Notably, the IPCC report found that the Northeast Region of the United States ― which includes Maryland ― will see the largest temperature increase in the country, and the warming will occur here as much as two decades before global average temperatures reach such a similar milestone. The report also finds that the Chesapeake Bay will experience stronger, more frequent storms, an increase in precipitation events, an increase in bay water temperatures and a rise in sea level.

“The Trump Administration wants to bury this new report because it doesn’t align with the president’s completely unhinged claim that climate change is a ‘hoax.’ Unfortunately for them, ignoring facts never succeeds in making them any less true,” said Cardin, a senior member of the Senate Environment and Public Works Committee. “The consequences of our inaction on climate change can be found everywhere, from the record-breaking wildfires in California to the repeated, historic flooding in Ellicott City.

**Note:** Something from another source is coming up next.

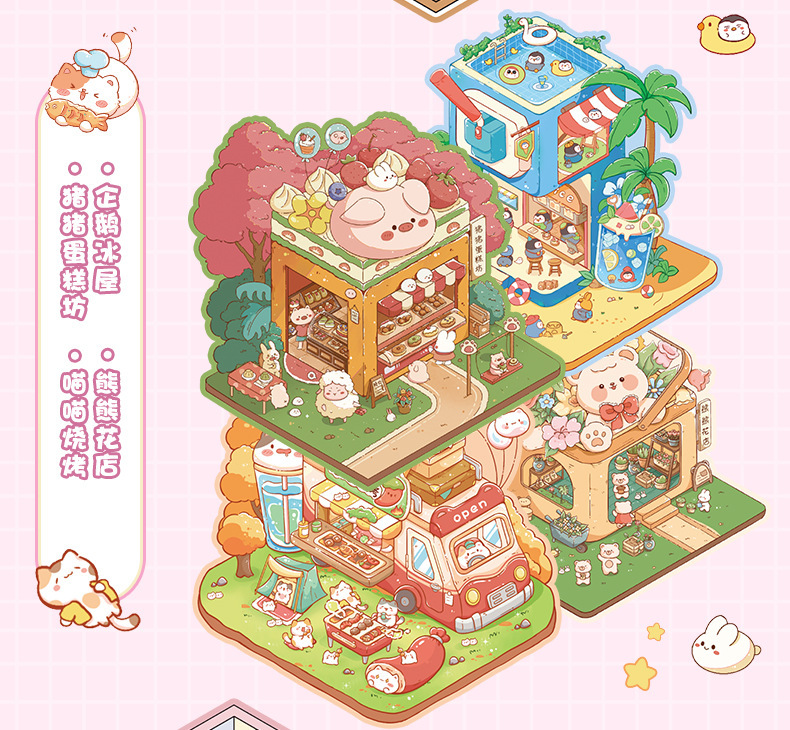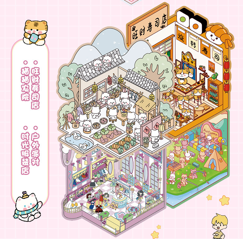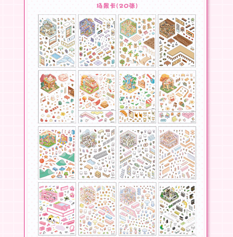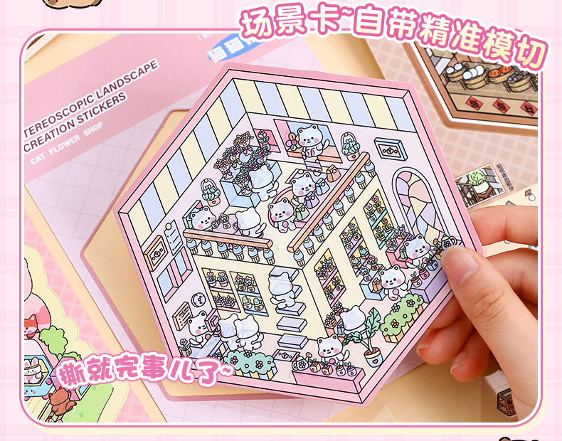 かわいい造園ステッカーブック 3D 立体シーン装飾コラージュ子供の漫画素材手作り小さなギフト賞品

This report highlights how these and other climate consequences will have an increasingly catastrophic effect on our economy ― unless we act now.”

On Oct. 8, the IPCC released a report outlining the consequences of rising global temperatures and the ways in which climate chaos will become substantially worse as the planet continues to experience pre-industrial levels of warming. The report showed that the difference between warming of 1.5 degrees Celsius and 2 degrees Celsius is substantial, and limiting warming to 1.5 degrees Celsius is affordable, feasible and necessary to protect people from the worst impacts of climate change.

The report concludes that unless the current path of climate change is slowed, massive impacts — such as limited water supply availability, sea-ice free Arctic summers, mass die-offs of coral reefs, and intense and unprecedented heat waves — will become reality as soon as 2040.